Despite impressive performance on standard benchmarks, multimodal large language models (MLLMs) face critical challenges in real-world clinical environments where medical images inevitably suffer various quality degradations. Existing benchmarks exhibit two key limitations: (1) absence of large-scale, multidimensional assessment across medical image quality gradients and (2) no systematic confidence calibration analysis. To address these gaps, we present MedQ-Deg, a comprehensive benchmark for evaluating medical MLLMs under image quality degradations. MedQ-Deg provides multi-dimensional evaluation spanning 18 distinct degradation types, 30 fine-grained capability dimensions, and 7 imaging modalities, with 24,894 question-answer pairs. Each degradation is implemented at 3 severity degrees, calibrated by expert radiologists. We further introduce Calibration Shift metric, which quantifies the gap between a model's perceived confidence and actual performance to assess metacognitive reliability under degradation.
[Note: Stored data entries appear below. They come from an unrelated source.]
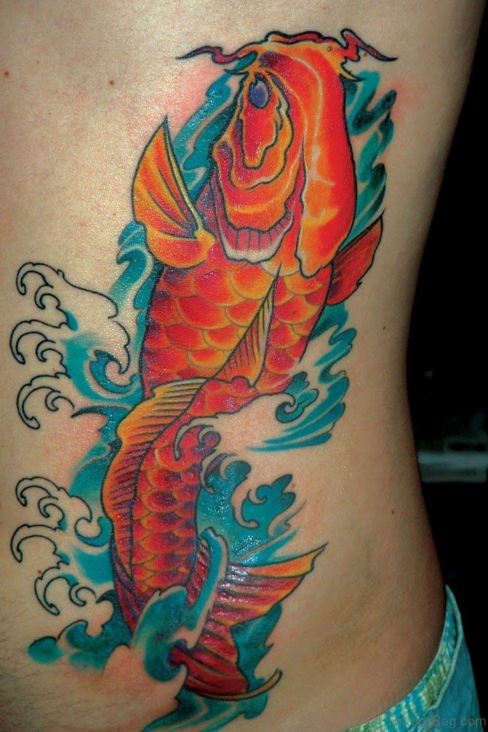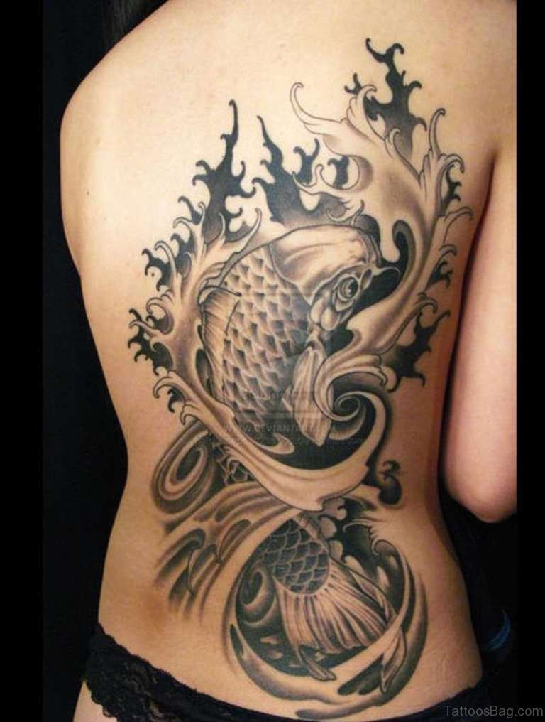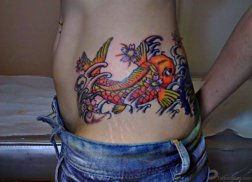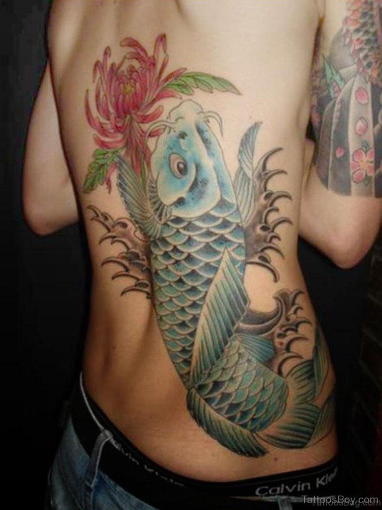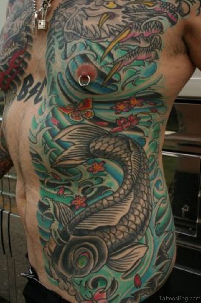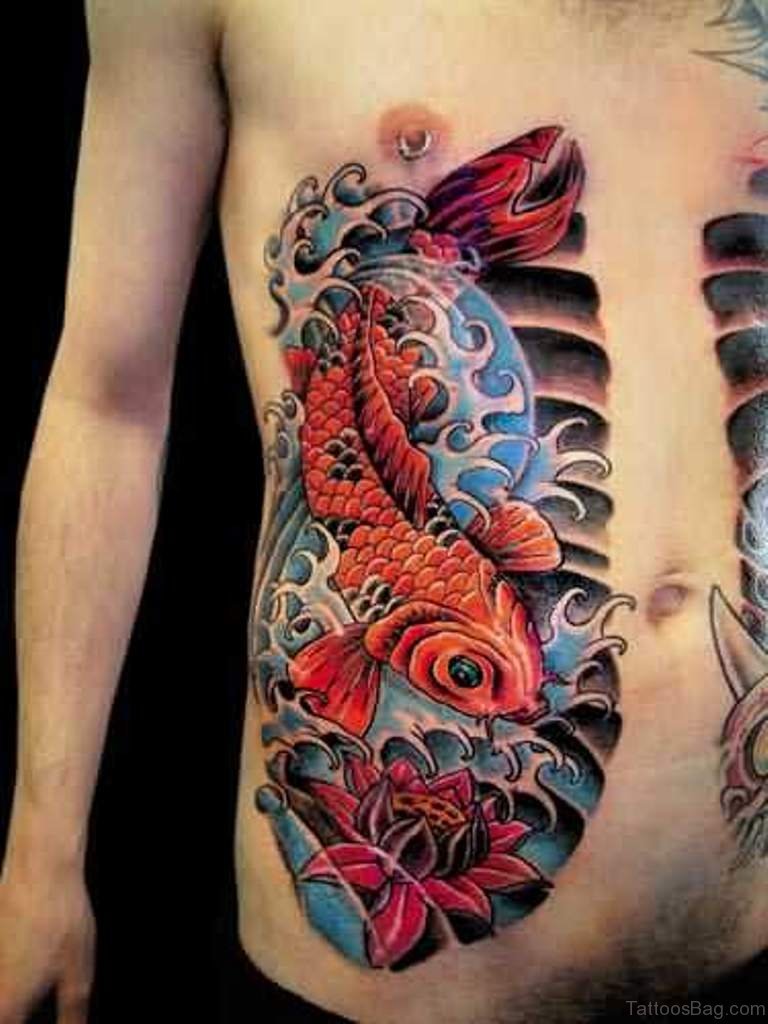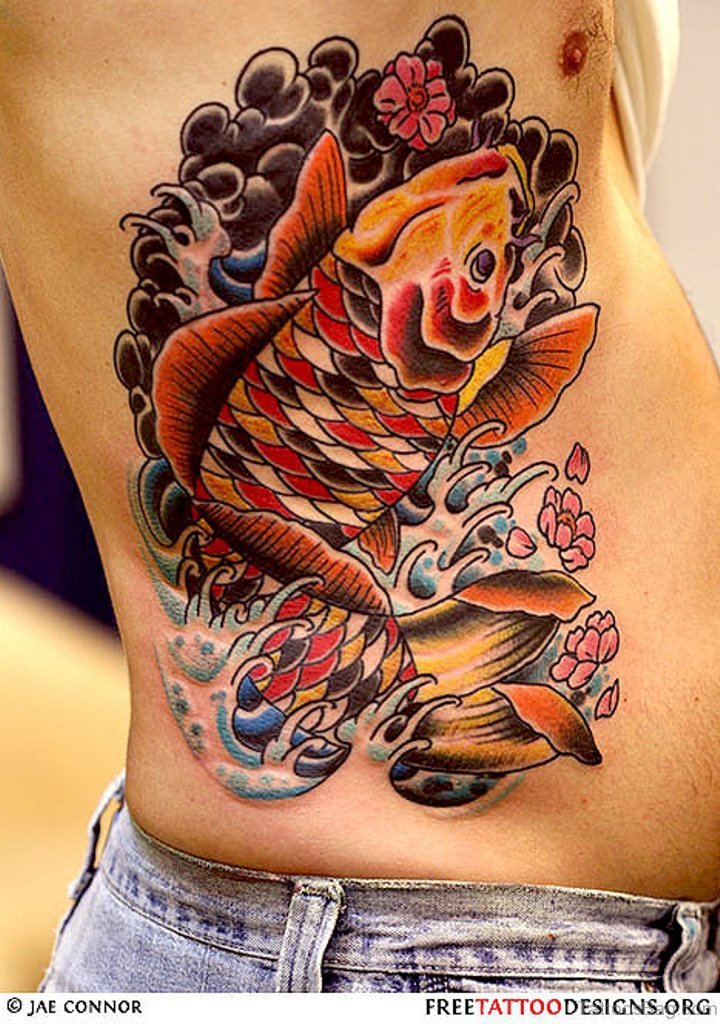 Grey Ink Fish And Bamboo Tree Tattoo On Side Rib
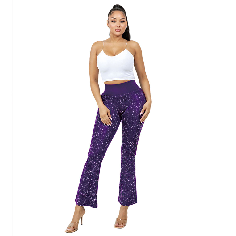 Details • Size : XL-2XL • Material : 92% Polyester, 8% Spandex • Big Stone FRONT Only • Hand Wash in Warm Water • Do not bleach / hang dry • Stylish purple flare leggings with sparkly detail and a comfy high-rise waistband. Designed for XL/2XL curves with flattering stretch and shine.
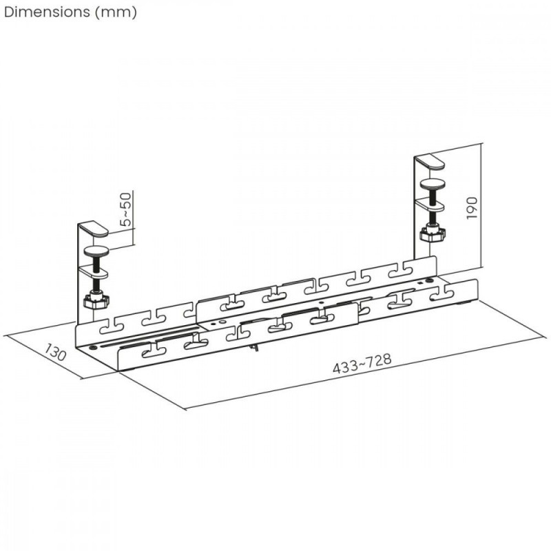 Keep your workspace neat and tidy with the under-desk cable strip organizer. This practical holder, with an adjustable length from 433 to 728 mm, allows you to fit a variety of countertop sizes and power strip lengths. It allows you to organize cables and fix the power strip without drilling or permanently interfering with the furniture. Thanks to the clip-on mounting system, it can be easily attached to the countertop and also quickly removed or moved if necessary. The organizer is great for the home office, gamer's room or workplace.
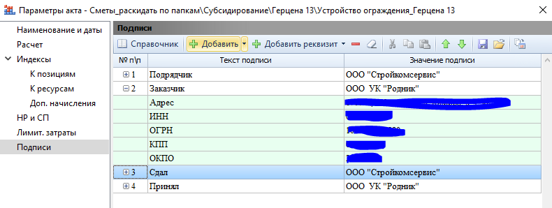 Я же говорю, что в программе всё настроено. При выводе в ексель в Заказчик и Подрядчик выводятся только организация, адрес и телефон. А мне нужно, чтобы были еще реквизиты: ИНН, ОГРН и прочее
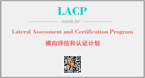 上述内容是“Lateral Assessment and Certification Program”作为“LACP”的缩写,解释为“横向评估和认证计划”时的信息,以及英文缩略词LACP所代表的英文单词,其对应的中文拼音、详细解释以及在英文中的流行度和相关分类、应用领域及应用示例等。
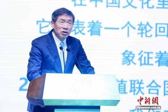 11月13日,聯(lián)合國開發(fā)計(jì)劃署(UNDP)在北京舉辦成立60周年招待會(huì)。圖為聯(lián)合國副秘書長、聯(lián)合國開發(fā)計(jì)劃署代理署長徐浩良致辭,呼吁各方秉持團(tuán)結(jié)精神,拿出更大決心,應(yīng)對全球發(fā)展挑戰(zhàn)。(UNDP供圖)
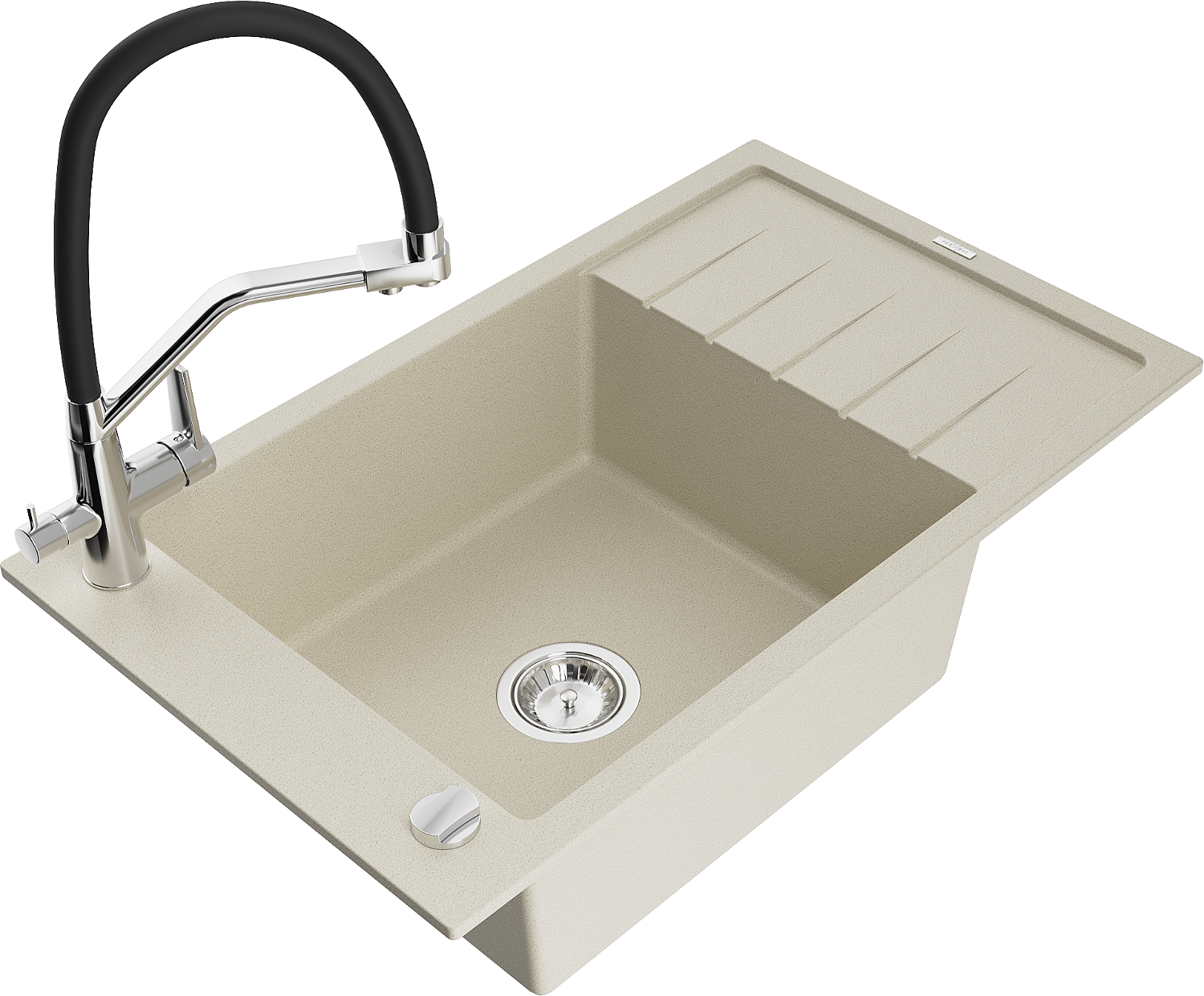 Mexen Elias granitový drez 1-komorový s odkvapkávačom a kuchynskou batériou Duo, béžový - 6511-69-671701-07
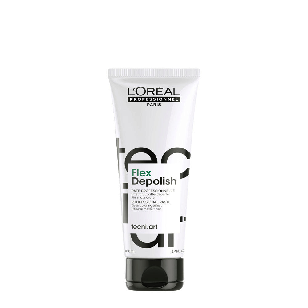 Depolish di L’Oréal Professionnel, della linea Tecni.Art, è una pasta modellante destrutturante pensata per creare look ruvidi, spettinati e dal finish opaco. Perfetta per chi desidera uno stile naturale ma di carattere, questa cera styling permette di definire le ciocche, aggiungere texture e dare movimento ai capelli senza appesantirli.
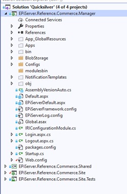 - Goto the EPiServer.Reference.Commerce.Manager site and expand all folder and open the folder.\
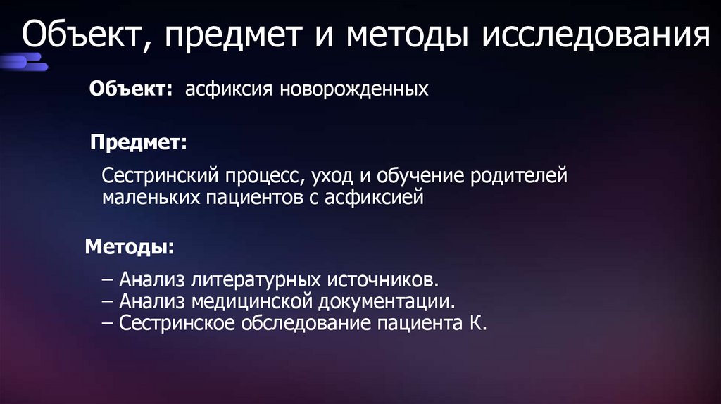 Объект, предмет и методы исследованияОбъект: асфиксия новорожденных
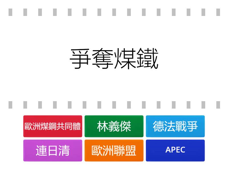 德法戰爭 - 爭奪煤鐵, 歐洲煤鋼共同體 - 總部在比利時的布魯塞爾, 歐洲聯盟 - 2020年英國脫離, 林義傑 - 橫越撒哈拉沙漠, 連日清 - 防治瘧疾, APEC - 各國經濟合作,
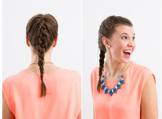 这一步有点难,不过你可以做到的!你的左手持着3股辫子,拉到左侧。你的右手从右侧拉起另外一股头发。
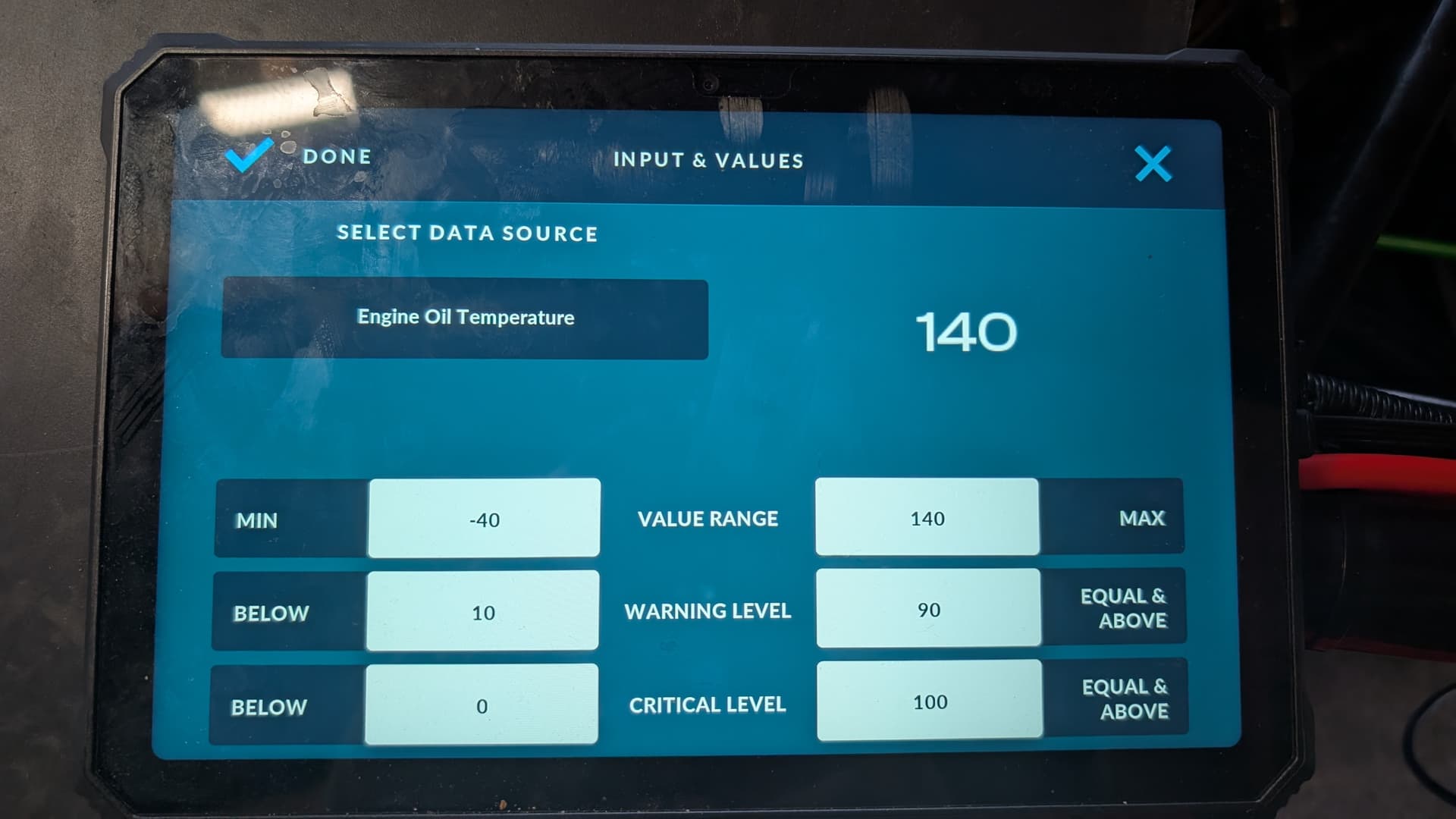I have multiple other values working fine ie rpm,tps,boost,coolant temp ect and the oil pressure which is an additional input on the ecu is working fine but oil temperature I can’t seem to pin point the whereabouts of the data on the app (Working fine on ecu/MEITE).
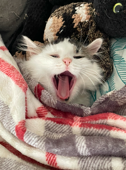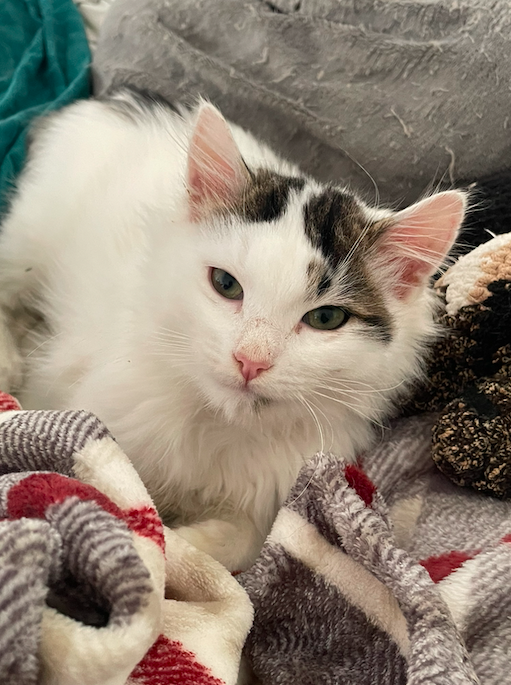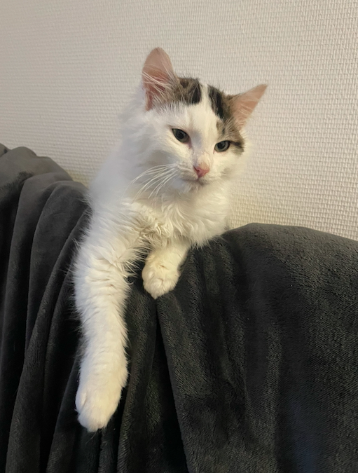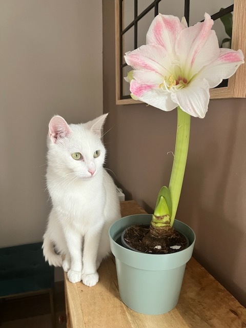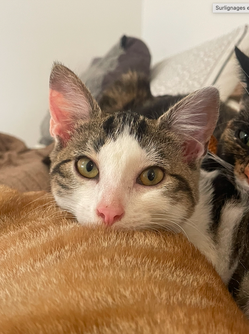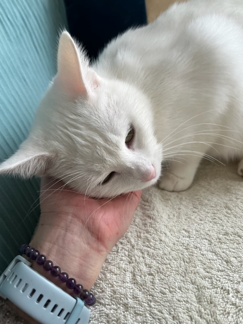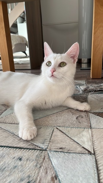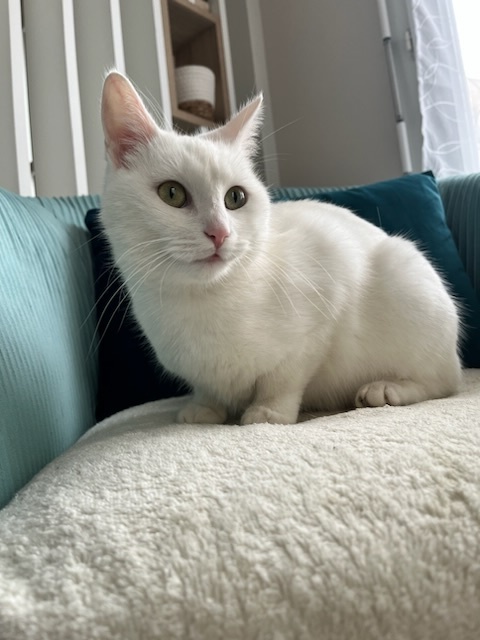 Il s’agit donc de SNOWY ( surnommée ainsi de part sa couleur blanche ), née en été 2024 et qui a mis bas de 4 petits chatons chez moi en Août dernier.

Our comprehensive evaluation of 40 mainstream MLLMs reveals several critical findings: (1) overall model performance degrades systematically as degradation severity increases, (2) models universally exhibit the AI Dunning-Kruger Effect, maintaining inappropriately high confidence despite severe accuracy collapse, and (3) models display markedly differentiated behavioral patterns across capability dimensions, imaging modalities, and degradation types. We hope MedQ-Deg drives progress toward medical MLLMs that are robust and trustworthy in real clinical practice.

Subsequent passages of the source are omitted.